A hybrid mechanistic machine learning approach to model industrial network dynamics for sustainable design of emerging carbon capture and utilization technologies

Abstract

Industrial networks consist of multiple industrial nodes interacting with each other through material exchanges that support the overall production goal of the network. These industrial networks exhibit complex nonlinear dynamics arising due to the multiscale nature of interactions among industries and the inherent dynamics of each industrial node. Furthermore, these overall dynamics have a significant impact on the sustainable design of these networks, along with the resource consumption and emission dynamics of the overall network. However, understanding the overall dynamics of industrial networks is challenging as digital models do not exist for the whole network dynamics, especially for emerging industrial systems, and simulative analyses of the same can be computationally expensive.
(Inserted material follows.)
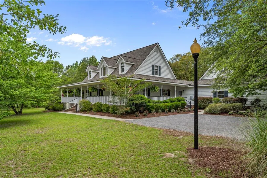 Nestled on 27.5 acres and surrounded by Francis Marion Ntl Forest, this custom built 5 bedroom, 5 bathroom retreat is enveloped in natural beauty. The 'little home' on 507 Leatherwood is also listed and can be sold separately or combined with the 'big home' at 524 Leatherwood. With a large front pond glistening, fully stocked and surrounded by American flags, this home is the epitome of country living at its finest. You enter the property on a winding road lined in oak trees, all hand-picked and planted by the owner. Enter the front door via the 8 ft wide wrap around porch with lush hanging baskets that stay fully watered by automatic well irrigation lines.Home has a formal dining room, large family room with brick wood burning fireplace, awesome country gourmet kitchen, kitchen breakfast nook, and added sunroom. The master suite is on the main level and has lots of lounging room and exquisite walk-in closet, complete with custom carpentry and cedar wall. The Master bath has dual vanities with granite tops, jetted tub, and separate walk-in, tiled shower. There is also a guest bedroom on the first floor with bay window and EnSuite bath that would make an equally impressive office. Two equally large-sized, light-filled bedrooms with copious storage closets are located on opposite sides of the 2nd floor. The rooms are connected by hallway/balcony that overlooks the great room below and a full guest bath. A large garage apartment is perfect for long stays of friends and family or could be closed off from the main house and used for rental income. The first floor houses a kitchen/dining area with loads of cabinets. Upstairs you'll find a large open living area, bedroom and full bath separate doors to living and bedroom spaces for privacy. A full length closet off the living room houses a full-sized washer and dryer and plenty of additional storage space. The attached garage is HUGE and presently houses a workshop, multiple refrigerators and freezers, and gun safe... and there's still plenty of room for two utility vehicles to park plus storage and an additional storage 'garage' on the side for storing pool and other outdoor equipment. A perfect retreat to call 'HOME' Five ponds with manicured landscaping plus wooded areas perfect for hunting and a creek running through it all! Enjoy gentle breezes and magnificent sunsets from the rocking chair on your porch. All of this, yet only a 20 minute drive to Mount Pleasant shopping, dining, and beaches. You can have it all.

To overcome this limitation, we propose a hybrid mechanistic machine learning approach based on data-driven system identification to build surrogate dynamic models of industrial nodes, which can be coupled to evaluate the overall industrial network dynamics. Furthermore, we propose utilizing the overall network dynamics to quantify the dynamic carbon footprint and design of industrial networks for a maximum carbon sink. We apply our methodology to evaluate the dynamic carbon footprint of an algal-biodiesel industrial network comprising 5 separate dynamic industrial systems. The redesign of the network with the modified technological parameters informed by overall network dynamics results in an approximately 2% enhanced CO₂ sequestration rate of 29 750.34 kg h⁻¹, with the net CO₂ footprint being accurately calculated as −1485069.47 kg for 50 hours of operation based on the nonlinear model obtained for the network. The dynamic models were also used to analyze the net neutralization time required to completely remove the energy-related CO₂ emissions using this specific algal biodiesel network for a specific region in a particular year, providing insights into the potential of this technology to meet the climate mitigation goals. Hence, the proposed approach establishes a pathway to evaluate industrial network dynamics for any emerging system by relying on mechanistic models and data-driven system identification and informing the sustainable design of future industrial networks.